++++ Data

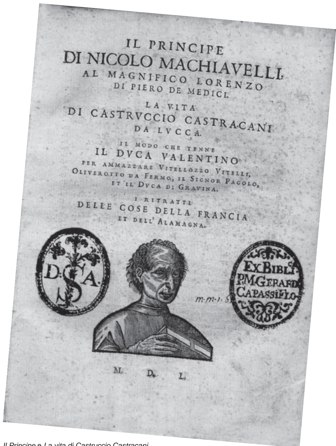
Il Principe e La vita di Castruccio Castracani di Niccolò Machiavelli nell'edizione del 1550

++++++++
++++ Data

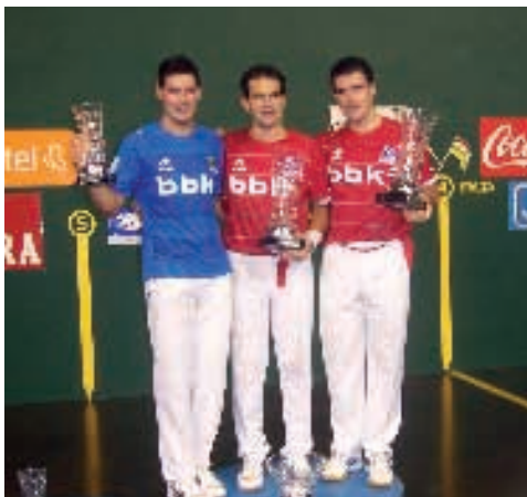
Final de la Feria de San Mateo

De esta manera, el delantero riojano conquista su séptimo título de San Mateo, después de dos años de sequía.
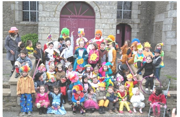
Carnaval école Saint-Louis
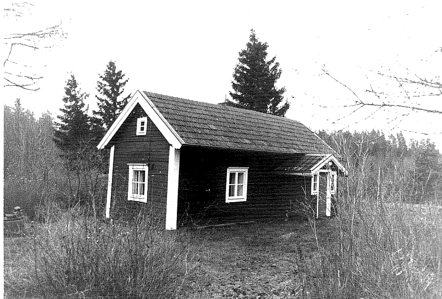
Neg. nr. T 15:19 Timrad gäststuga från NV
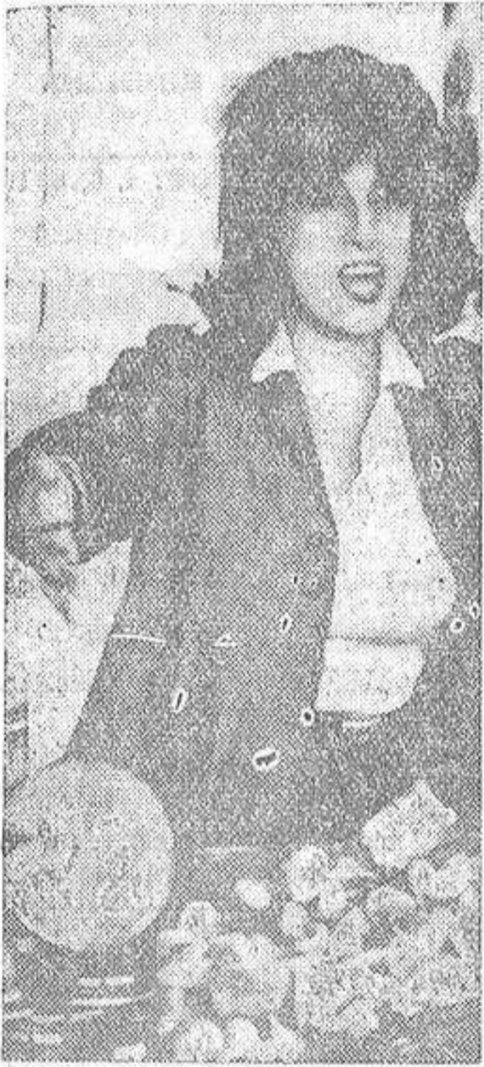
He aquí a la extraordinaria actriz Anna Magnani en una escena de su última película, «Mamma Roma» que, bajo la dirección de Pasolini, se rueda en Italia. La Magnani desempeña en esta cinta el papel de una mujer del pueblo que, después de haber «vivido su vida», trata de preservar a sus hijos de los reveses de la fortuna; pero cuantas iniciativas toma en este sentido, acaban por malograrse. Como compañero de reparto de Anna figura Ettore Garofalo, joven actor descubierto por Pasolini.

++++++++

**What is expected**. Output only the stretch above from the line with "De esta manera, el" through the line with "Neg. nr. T 15:19 Timrad gäststuga från NV", reproduced exactly. Exclude pictures.

**Response area**.
De esta manera, el delantero riojano conquista su séptimo título de San Mateo, después de dos años de sequía.
Carnaval école Saint-Louis
Neg. nr. T 15:19 Timrad gäststuga från NV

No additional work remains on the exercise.